I'd also recommend you go to Amazon and get a truly excellent training book by Carol Lea Benjamin, "Mother Knows Best". She needs some training here, for sure, but the first step is being able to address your own tolerance with what are essentially "Normal" Vizsla behaviors. In the mean time, you might plan in some exercise time with her..they really need that, as well as some fun/play time. The training will go easier if she's relaxed and also if she feels emotionally attended to.


----------



## olive_i (Feb 4, 2016)

Thank you fingerling and lilyloo, i completely understand and appreciate your concern!

re lilyloo, yes i'm trying to incorporate indoor time whenever I am home, hopefully this will help in addressing this. We also take her to weekly dog classes + I have committed to 2x 10 minute training sessions with me daily (+exercise).

and Gingerling; I must admit she was a lot calmer indoors when we first got her because we had her crated when sleeping inside, i can absolutely see the link here now :-[ thank you!

She started sleeping outside after about 3 weeks (so at 14 weeks of age), I am trying to explain to my mum the benefits of having her indoors more, as is the primary reason olive sleeps outside.

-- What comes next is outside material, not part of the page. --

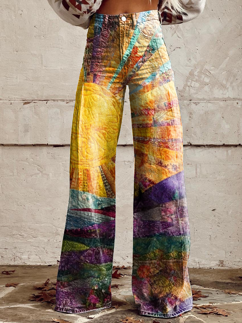 Women's Retro Colorful Sun Print Casual Wide Leg Pants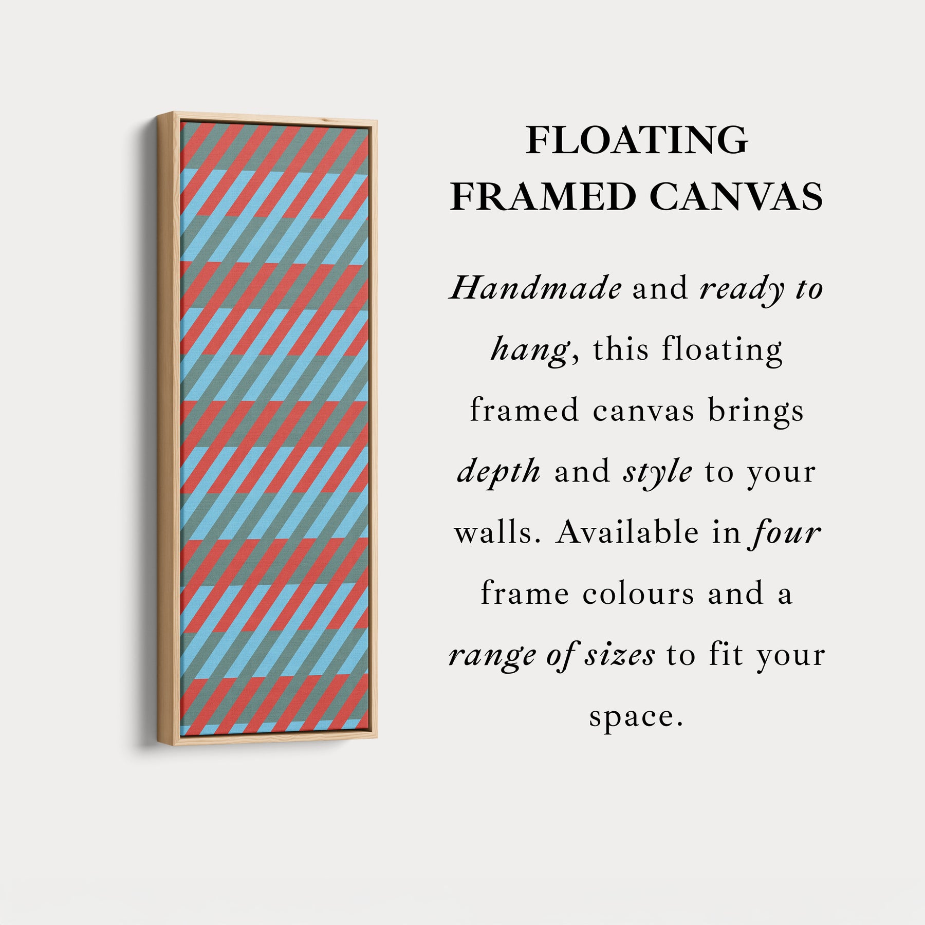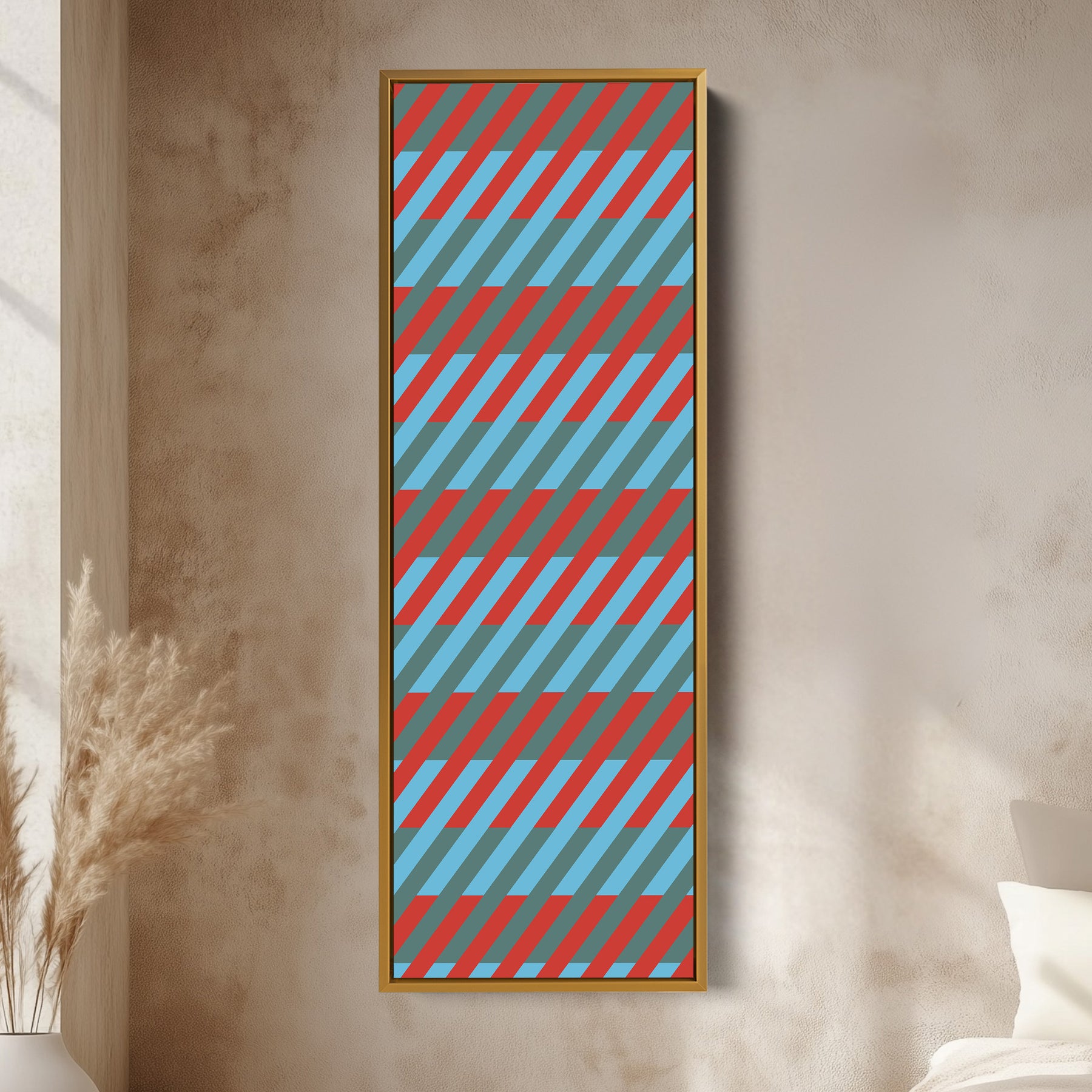 This abstract canvas highlights diagonal stripes in red, blue, and green set against a pale backdrop. A modernist geometric piece with bold contrast and energy. Perfect for bedrooms, studios, or hallways, this framed wall art brings color and structure.

Just so things are clearer: I am 19 and the primary handler/ carer for Olive, I also have an older sister and 2 younger brothers (9 & 11) whose inconsistency seems to have hindered progress with jumping up etc.


----------



## gingerling (Jun 20, 2015)

"Fingerling", lol...*Blushes*. At the time I registered, "Gingerling" seemed so appropriate b/c I had recently brought home AJ, #3, and he was just so...gingery. Now, it sounds silly, maybe I can just change my nick to "Robert".

Anyways, thanks for the clarification. Maybe if you show your mum this thread and we talk with her directly? The last thing you want is to have a fight with her over this, maybe if the recommendation comes from us she might be able to hear it.


----------